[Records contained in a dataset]
^^^^^^^^^^^^^^^^
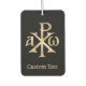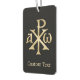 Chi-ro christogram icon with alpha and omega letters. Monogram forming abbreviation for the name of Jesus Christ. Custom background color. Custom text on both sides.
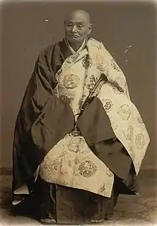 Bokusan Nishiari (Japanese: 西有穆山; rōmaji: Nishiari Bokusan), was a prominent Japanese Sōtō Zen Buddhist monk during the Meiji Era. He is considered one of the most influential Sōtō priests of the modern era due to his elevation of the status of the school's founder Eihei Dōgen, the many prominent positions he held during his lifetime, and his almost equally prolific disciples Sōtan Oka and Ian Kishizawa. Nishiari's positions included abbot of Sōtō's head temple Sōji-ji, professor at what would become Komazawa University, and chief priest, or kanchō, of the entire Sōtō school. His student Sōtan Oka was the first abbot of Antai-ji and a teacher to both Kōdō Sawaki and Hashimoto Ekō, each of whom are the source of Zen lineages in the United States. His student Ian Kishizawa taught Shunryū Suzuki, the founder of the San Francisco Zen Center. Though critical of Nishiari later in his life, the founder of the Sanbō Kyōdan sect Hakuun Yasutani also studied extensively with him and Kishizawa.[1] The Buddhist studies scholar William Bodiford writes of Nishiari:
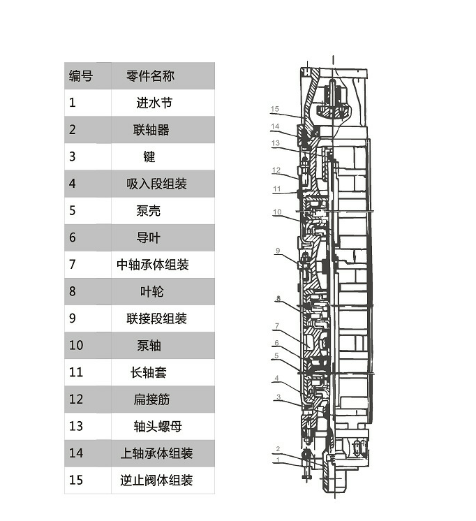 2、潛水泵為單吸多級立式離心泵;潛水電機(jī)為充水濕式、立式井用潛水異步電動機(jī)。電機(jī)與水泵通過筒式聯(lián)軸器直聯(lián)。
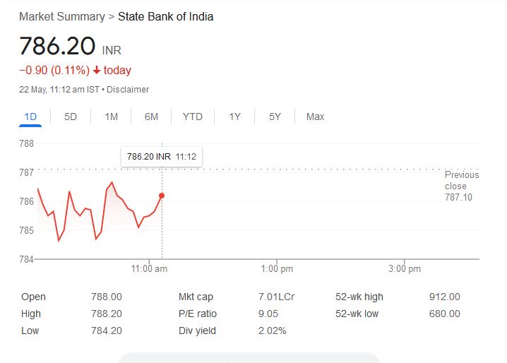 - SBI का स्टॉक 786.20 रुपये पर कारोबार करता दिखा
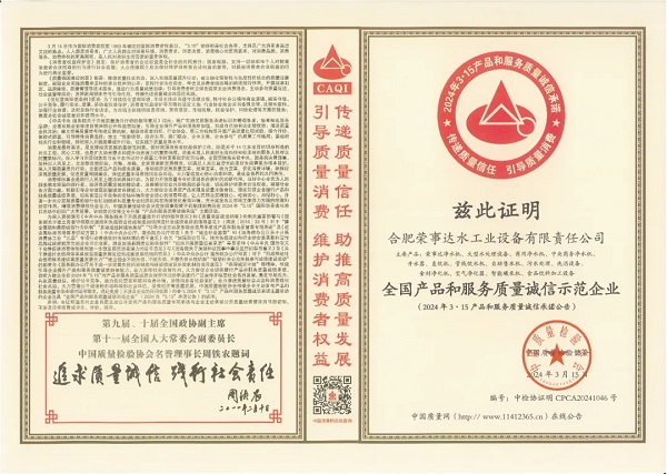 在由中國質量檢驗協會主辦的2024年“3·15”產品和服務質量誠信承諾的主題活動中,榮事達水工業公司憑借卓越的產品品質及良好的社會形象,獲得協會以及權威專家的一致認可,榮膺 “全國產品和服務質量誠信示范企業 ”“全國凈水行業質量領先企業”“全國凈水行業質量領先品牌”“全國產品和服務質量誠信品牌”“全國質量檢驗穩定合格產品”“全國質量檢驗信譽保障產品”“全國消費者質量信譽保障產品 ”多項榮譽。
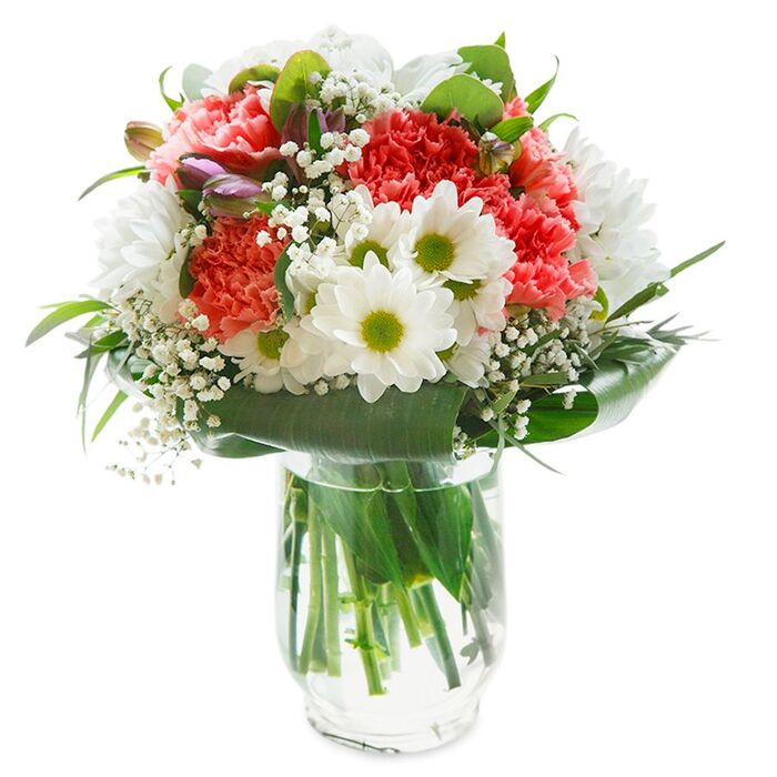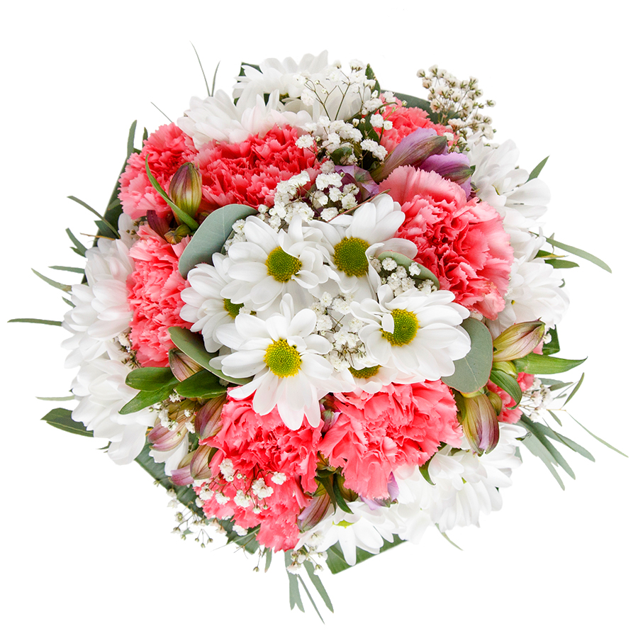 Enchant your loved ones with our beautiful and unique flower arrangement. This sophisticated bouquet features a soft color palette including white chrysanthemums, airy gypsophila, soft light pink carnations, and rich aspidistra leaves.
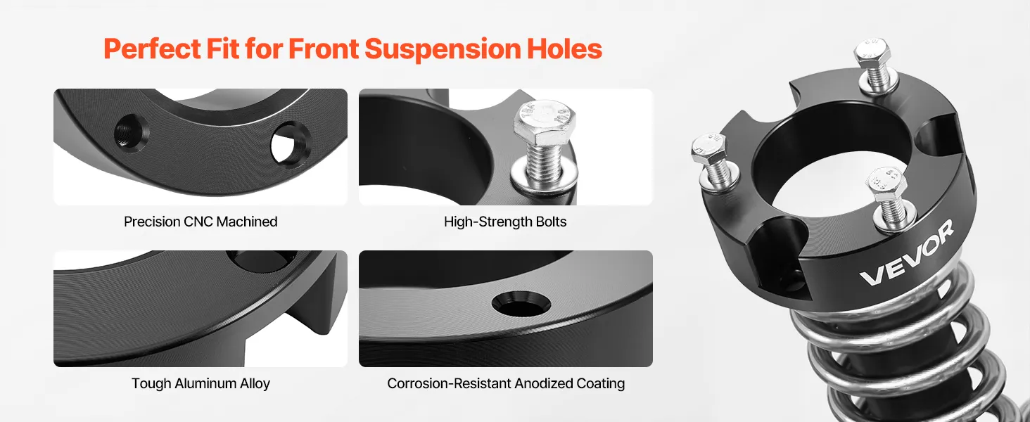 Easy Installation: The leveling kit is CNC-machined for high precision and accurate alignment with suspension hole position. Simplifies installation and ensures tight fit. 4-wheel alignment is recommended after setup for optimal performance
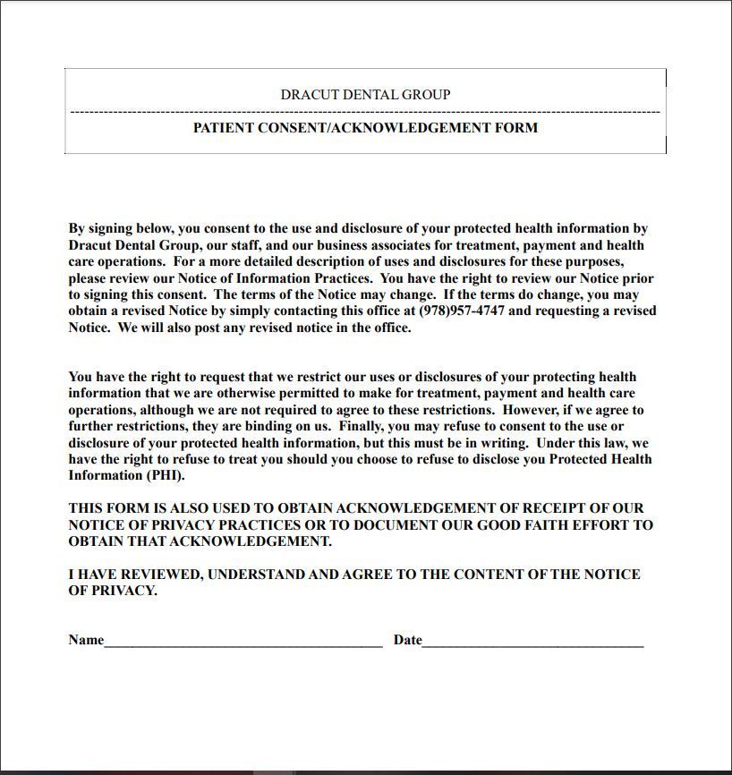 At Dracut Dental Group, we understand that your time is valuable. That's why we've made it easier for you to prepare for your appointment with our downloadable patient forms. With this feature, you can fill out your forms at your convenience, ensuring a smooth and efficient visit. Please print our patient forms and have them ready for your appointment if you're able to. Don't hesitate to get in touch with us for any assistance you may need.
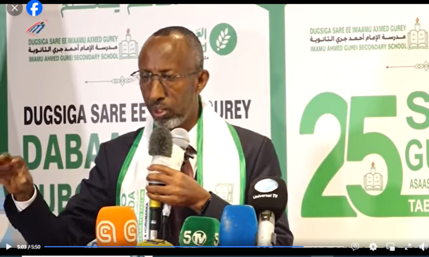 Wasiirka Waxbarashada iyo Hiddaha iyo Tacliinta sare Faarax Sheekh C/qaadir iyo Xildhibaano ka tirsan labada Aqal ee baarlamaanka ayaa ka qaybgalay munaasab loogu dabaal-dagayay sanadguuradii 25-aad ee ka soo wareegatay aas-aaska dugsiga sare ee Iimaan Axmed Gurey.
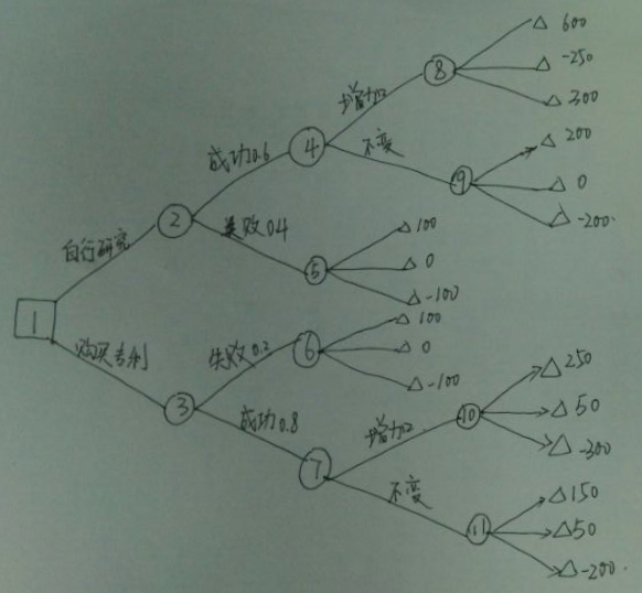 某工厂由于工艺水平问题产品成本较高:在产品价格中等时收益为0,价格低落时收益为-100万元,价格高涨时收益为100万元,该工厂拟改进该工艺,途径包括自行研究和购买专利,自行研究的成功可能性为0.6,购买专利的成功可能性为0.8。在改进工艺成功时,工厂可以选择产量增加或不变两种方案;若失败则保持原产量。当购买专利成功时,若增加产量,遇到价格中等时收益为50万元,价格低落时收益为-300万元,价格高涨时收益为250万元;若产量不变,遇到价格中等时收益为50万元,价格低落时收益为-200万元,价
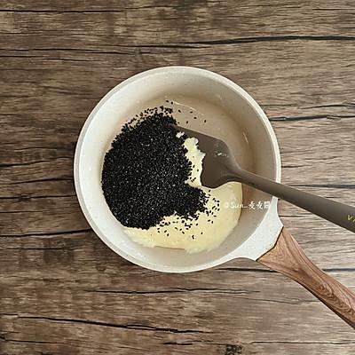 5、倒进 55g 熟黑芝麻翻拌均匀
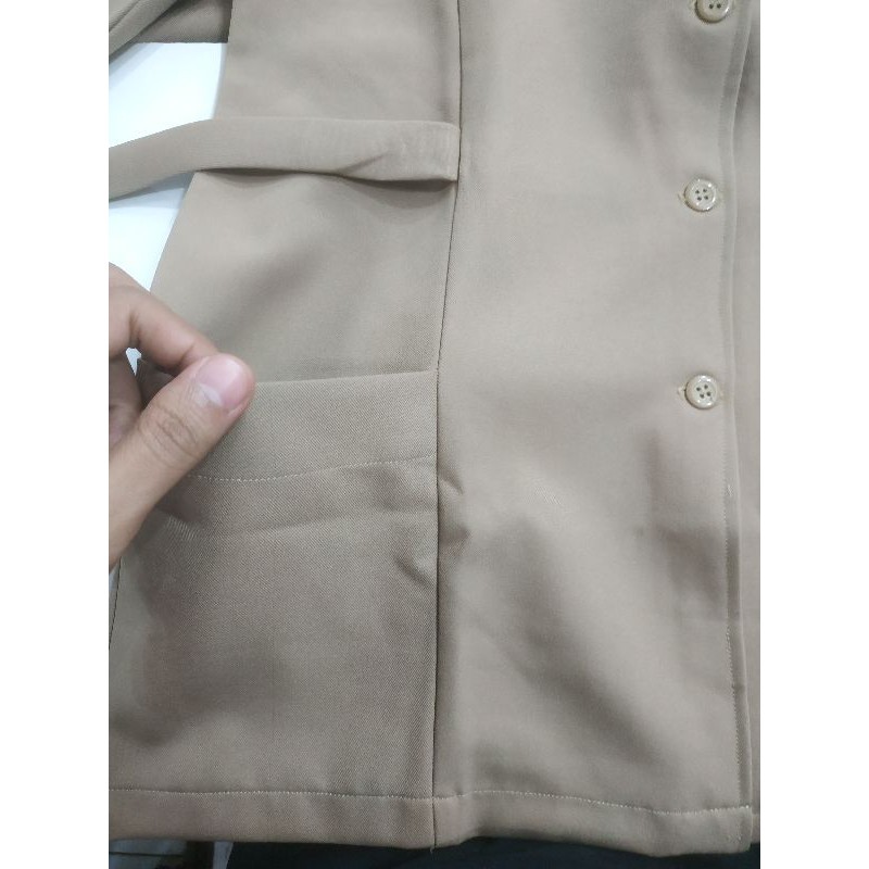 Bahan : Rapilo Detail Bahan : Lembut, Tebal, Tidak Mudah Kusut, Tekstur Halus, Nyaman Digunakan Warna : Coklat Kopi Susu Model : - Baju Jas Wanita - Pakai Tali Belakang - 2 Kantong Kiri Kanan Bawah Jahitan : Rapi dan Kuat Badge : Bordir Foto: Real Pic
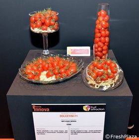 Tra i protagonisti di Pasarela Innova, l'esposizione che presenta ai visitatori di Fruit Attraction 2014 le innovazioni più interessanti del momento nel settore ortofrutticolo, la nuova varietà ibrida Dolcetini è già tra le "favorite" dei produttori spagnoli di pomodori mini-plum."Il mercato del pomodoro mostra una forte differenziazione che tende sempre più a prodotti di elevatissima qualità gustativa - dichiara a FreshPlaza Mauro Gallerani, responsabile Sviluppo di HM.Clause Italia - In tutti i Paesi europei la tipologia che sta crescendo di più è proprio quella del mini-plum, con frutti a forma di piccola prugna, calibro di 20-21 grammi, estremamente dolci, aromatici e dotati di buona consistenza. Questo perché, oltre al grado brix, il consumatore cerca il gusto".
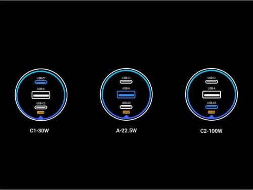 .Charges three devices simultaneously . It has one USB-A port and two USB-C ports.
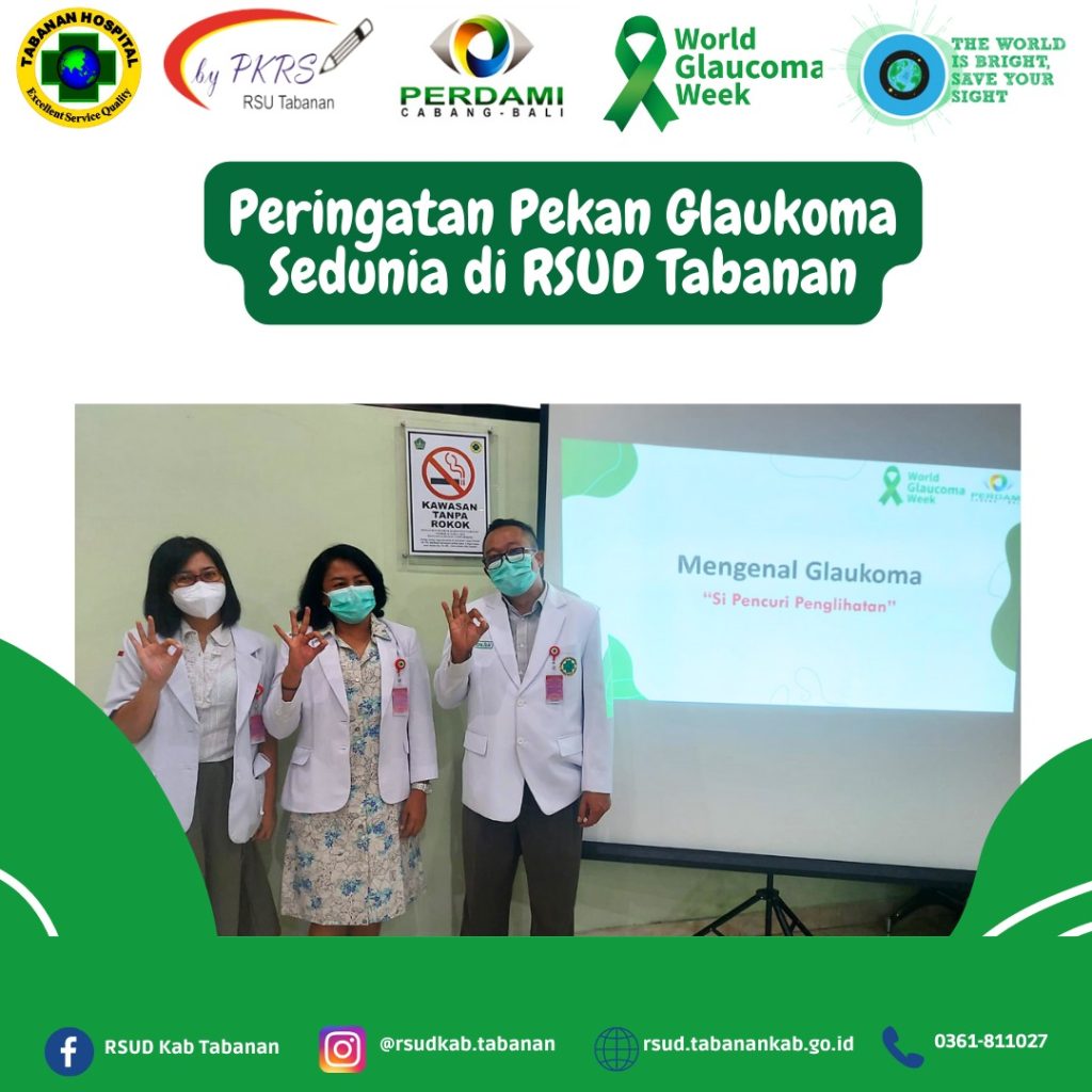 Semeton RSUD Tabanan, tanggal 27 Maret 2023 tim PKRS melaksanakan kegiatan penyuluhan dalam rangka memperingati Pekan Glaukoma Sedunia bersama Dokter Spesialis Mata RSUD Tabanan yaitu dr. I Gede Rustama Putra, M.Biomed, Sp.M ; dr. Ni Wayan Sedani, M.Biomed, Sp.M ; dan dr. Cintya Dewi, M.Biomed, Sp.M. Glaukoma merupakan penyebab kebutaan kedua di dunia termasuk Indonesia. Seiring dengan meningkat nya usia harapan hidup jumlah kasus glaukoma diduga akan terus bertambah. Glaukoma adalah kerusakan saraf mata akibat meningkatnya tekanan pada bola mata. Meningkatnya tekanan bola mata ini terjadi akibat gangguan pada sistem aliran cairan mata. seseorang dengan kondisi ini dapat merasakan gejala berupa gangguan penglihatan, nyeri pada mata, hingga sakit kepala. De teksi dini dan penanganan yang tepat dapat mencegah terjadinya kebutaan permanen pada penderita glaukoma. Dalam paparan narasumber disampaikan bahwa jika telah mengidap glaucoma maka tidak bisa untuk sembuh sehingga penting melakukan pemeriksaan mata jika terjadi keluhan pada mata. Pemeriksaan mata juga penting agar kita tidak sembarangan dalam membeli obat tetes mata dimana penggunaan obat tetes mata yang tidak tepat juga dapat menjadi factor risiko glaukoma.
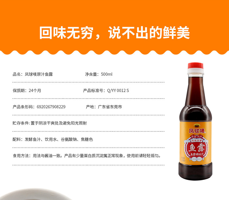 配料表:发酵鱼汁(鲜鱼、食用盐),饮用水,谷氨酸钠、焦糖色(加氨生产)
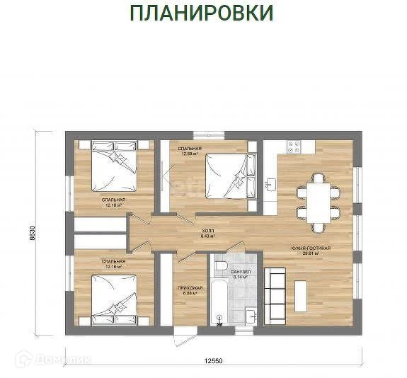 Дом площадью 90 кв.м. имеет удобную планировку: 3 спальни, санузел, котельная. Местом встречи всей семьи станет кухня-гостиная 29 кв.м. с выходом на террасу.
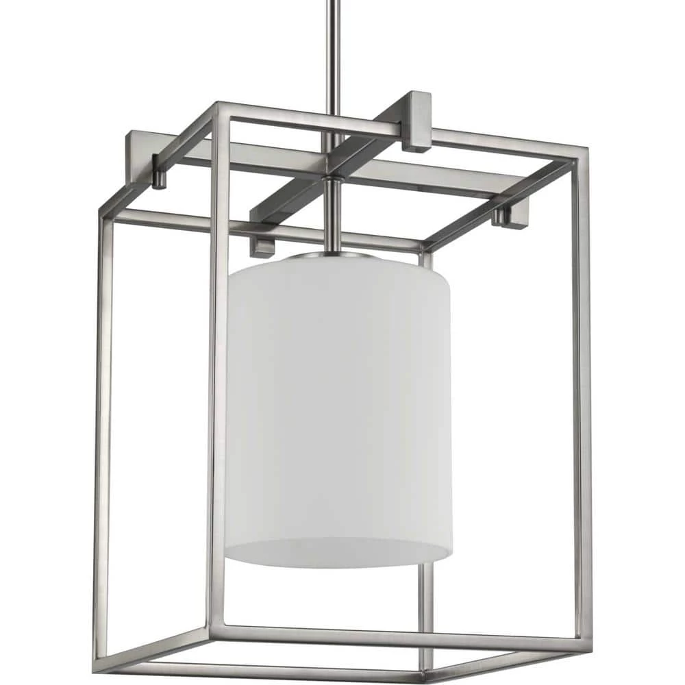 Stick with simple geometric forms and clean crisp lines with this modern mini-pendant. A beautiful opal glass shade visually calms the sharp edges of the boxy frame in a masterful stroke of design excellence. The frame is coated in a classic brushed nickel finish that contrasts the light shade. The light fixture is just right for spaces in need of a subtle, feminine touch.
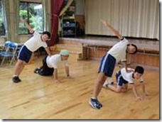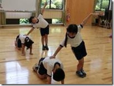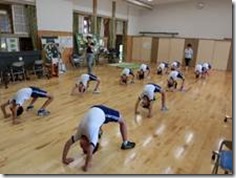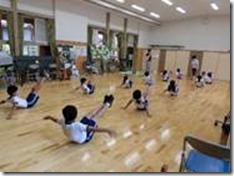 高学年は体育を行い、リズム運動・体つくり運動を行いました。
^^^^^^^^^^^^^^^^
Exact copy, pictures excluded: from the line with "- SBI का स्टॉक" up to and including the line with "Enchant your loved" in the data above.

» **Response below**:
 - SBI का स्टॉक 786.20 रुपये पर कारोबार करता दिखा
 在由中國質量檢驗協會主辦的2024年“3·15”產品和服務質量誠信承諾的主題活動中,榮事達水工業公司憑借卓越的產品品質及良好的社會形象,獲得協會以及權威專家的一致認可,榮膺 “全國產品和服務質量誠信示范企業 ”“全國凈水行業質量領先企業”“全國凈水行業質量領先品牌”“全國產品和服務質量誠信品牌”“全國質量檢驗穩定合格產品”“全國質量檢驗信譽保障產品”“全國消費者質量信譽保障產品 ”多項榮譽。
 Enchant your loved ones with our beautiful and unique flower arrangement. This sophisticated bouquet features a soft color palette including white chrysanthemums, airy gypsophila, soft light pink carnations, and rich aspidistra leaves.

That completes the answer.